It is no longer news that the Yoruba Nation separatist leader, Sunday Igboho is currently under detention in the Republic of Benin after he was arrested by the INTERPOL during the early hours of yesterday while trying to connect his flight to Germany.
Mixed reactions have continued to trail the arrest of the Yoruba activist as many are already insinuating that the same fate that befell Mazi Nnamdi Kanu, leader of the Indigenous Peoples of Biafra (IPOB) who was allegedly arrested and extradited from Kenya early last month, might happen to Igboho.
The fact of the matter is that Igboho case is different from that of Kanu in the sense that the world is already aware of his arrest and are watching closely every step the Beniniose authority would take in carrying out the extradition order from the Nigerian government.

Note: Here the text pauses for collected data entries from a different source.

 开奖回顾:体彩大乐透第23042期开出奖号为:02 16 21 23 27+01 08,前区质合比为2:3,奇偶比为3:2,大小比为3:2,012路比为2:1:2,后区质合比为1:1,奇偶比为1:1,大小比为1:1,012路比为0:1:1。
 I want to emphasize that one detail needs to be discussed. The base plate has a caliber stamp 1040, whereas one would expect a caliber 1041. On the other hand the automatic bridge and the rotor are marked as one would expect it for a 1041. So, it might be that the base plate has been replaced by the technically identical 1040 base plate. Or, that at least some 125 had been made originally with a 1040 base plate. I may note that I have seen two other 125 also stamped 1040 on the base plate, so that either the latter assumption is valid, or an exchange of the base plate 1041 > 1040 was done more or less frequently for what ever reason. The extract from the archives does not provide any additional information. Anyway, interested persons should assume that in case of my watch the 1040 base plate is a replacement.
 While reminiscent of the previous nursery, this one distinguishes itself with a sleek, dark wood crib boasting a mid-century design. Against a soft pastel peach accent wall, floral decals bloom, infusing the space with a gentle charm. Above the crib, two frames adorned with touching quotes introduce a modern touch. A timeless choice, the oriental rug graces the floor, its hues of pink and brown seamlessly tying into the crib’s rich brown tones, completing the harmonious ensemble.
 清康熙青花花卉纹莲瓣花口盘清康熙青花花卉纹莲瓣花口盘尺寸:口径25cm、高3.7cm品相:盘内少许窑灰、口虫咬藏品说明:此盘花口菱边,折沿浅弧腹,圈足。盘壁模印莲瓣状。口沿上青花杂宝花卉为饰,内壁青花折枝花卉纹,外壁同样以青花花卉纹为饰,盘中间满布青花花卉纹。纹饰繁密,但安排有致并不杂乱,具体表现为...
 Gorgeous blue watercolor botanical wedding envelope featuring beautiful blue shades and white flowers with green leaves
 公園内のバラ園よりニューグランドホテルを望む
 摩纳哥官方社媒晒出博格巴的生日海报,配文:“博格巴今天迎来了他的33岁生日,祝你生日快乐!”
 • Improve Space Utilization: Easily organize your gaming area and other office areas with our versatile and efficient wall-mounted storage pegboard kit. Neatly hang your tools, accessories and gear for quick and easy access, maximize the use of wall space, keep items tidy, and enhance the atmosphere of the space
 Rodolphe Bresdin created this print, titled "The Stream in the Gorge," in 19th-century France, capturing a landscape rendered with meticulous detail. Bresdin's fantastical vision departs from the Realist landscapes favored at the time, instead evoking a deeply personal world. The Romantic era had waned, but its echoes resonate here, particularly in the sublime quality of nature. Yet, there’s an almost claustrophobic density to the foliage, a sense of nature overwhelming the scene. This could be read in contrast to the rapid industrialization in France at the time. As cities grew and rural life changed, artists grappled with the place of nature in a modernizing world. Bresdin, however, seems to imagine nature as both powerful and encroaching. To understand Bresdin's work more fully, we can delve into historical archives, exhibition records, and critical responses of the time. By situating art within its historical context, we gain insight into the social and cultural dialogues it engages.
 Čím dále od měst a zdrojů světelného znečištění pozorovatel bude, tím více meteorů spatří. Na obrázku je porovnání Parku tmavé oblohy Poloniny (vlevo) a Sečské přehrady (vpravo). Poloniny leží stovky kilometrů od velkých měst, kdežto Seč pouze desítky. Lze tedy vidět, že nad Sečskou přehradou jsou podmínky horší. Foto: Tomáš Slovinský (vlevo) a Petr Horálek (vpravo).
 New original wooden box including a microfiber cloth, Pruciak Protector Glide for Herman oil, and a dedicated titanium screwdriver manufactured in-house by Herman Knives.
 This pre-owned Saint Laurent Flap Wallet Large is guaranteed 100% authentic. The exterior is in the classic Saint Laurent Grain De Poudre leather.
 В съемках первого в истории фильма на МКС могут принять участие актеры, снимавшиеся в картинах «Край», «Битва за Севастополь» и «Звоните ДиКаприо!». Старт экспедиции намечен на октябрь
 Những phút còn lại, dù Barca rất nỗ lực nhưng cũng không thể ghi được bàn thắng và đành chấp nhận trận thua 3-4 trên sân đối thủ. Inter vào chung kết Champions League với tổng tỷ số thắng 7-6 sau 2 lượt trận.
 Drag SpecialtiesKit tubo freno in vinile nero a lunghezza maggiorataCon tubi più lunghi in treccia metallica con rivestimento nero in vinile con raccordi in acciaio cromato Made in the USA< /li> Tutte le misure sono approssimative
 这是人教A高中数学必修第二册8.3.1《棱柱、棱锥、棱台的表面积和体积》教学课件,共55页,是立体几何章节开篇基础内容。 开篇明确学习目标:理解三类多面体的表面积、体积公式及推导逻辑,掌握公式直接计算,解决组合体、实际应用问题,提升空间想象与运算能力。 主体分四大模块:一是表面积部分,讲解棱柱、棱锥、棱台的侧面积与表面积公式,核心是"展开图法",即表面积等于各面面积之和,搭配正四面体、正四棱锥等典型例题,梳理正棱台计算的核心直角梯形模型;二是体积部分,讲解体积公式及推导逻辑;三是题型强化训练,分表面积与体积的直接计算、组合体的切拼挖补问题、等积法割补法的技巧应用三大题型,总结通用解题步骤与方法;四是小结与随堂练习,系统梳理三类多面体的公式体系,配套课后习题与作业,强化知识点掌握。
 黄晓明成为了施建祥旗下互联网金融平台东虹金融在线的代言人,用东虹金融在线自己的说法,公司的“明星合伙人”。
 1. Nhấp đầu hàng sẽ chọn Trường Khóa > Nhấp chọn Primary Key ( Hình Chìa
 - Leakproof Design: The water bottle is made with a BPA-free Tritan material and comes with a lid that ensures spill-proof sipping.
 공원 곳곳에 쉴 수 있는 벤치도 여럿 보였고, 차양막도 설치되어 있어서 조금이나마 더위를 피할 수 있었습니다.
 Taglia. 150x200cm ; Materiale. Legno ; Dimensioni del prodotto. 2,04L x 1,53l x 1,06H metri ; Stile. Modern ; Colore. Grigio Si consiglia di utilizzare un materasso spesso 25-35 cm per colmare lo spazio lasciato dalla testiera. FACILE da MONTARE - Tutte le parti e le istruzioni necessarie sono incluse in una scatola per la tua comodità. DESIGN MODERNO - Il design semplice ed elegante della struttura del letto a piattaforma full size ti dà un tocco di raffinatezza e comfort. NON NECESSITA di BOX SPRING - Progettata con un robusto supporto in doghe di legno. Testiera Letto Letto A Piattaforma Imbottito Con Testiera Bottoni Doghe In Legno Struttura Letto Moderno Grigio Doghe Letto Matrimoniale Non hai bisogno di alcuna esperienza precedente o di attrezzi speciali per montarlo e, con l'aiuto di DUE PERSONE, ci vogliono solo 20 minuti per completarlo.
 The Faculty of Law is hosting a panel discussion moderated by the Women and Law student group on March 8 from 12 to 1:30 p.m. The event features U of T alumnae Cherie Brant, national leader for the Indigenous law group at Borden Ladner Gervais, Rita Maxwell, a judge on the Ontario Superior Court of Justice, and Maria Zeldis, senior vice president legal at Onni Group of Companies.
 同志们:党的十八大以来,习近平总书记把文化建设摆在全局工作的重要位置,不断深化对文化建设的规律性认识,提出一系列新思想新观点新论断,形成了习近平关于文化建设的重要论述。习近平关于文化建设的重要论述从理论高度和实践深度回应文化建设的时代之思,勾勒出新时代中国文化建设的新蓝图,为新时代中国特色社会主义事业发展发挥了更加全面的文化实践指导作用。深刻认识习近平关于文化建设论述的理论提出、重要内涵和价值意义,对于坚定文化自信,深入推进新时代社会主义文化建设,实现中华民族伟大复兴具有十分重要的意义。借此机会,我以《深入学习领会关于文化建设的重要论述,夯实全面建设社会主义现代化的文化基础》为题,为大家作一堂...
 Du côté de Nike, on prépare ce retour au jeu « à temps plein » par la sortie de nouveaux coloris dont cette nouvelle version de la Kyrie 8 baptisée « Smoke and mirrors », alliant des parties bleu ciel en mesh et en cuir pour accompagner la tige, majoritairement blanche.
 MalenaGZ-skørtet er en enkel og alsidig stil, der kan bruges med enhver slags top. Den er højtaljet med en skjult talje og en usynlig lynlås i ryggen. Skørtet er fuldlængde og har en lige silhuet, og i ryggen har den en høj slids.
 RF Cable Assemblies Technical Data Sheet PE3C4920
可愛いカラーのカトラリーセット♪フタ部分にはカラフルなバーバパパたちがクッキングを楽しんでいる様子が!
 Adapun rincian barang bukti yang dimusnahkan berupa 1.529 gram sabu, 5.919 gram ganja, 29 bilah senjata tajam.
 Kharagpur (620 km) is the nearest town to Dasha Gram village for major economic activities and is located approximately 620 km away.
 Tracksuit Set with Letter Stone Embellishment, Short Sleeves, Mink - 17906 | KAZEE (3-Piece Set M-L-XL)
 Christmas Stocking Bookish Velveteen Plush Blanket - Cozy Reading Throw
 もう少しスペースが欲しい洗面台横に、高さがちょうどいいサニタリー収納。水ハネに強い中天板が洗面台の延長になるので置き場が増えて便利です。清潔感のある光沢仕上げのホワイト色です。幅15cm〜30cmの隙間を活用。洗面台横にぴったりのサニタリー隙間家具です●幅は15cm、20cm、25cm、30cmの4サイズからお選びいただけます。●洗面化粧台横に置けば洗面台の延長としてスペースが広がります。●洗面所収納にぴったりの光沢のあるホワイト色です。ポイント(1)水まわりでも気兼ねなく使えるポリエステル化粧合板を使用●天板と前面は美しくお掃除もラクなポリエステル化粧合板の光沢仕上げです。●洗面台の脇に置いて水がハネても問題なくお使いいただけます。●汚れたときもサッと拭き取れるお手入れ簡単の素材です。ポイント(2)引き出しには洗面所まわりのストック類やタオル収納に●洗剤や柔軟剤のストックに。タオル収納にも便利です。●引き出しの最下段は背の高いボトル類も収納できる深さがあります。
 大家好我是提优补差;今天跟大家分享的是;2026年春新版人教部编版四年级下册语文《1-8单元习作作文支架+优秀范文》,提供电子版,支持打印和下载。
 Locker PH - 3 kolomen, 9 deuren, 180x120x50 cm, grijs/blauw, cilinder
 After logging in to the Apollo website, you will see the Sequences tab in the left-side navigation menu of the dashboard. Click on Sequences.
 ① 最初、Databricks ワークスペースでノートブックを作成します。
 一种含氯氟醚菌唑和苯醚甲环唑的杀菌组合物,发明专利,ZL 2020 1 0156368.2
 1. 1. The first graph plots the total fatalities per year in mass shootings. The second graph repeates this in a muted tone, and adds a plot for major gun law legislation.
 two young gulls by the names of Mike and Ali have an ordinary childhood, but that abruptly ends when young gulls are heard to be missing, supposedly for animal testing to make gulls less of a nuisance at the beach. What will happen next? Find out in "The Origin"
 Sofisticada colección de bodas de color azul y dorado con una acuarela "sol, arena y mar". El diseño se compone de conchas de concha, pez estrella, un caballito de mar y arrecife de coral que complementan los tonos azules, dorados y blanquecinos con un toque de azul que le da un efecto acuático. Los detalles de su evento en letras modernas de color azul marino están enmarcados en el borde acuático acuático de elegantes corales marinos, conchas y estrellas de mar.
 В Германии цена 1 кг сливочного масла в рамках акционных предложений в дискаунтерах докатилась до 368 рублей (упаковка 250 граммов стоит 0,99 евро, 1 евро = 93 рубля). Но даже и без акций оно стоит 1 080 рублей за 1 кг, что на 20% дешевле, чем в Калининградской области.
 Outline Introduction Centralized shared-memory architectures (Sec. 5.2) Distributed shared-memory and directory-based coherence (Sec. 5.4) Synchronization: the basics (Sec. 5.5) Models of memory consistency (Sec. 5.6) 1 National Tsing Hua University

Talking about extradition, as it stands now which I believe is a big ray of hope for Igboho, there is an Extradition Treaty between Nigeria and couple of other West African countries of which Benin Republic is one of them. In one of the articles of the 1984 Extradition Treaty, for no reason would a political offender be extradited if there is no assurance that he would get justice.
I think Lieutenant General Tukur Buratai (Retd.) Who is the Nigerian Ambassador to Benin Republic really has his work cut out for on this complicated issue of trying to seek Igboho extradition. Even if the Beniniose government decided to play along with its Nigerian counterpart, the implication it might have on their international relations with the Western world would be better imagined than seen.
However, despite the catch 22 situation that both countries found themselves on this Igboho matter, I think there are many ways to catch a rat without harming it.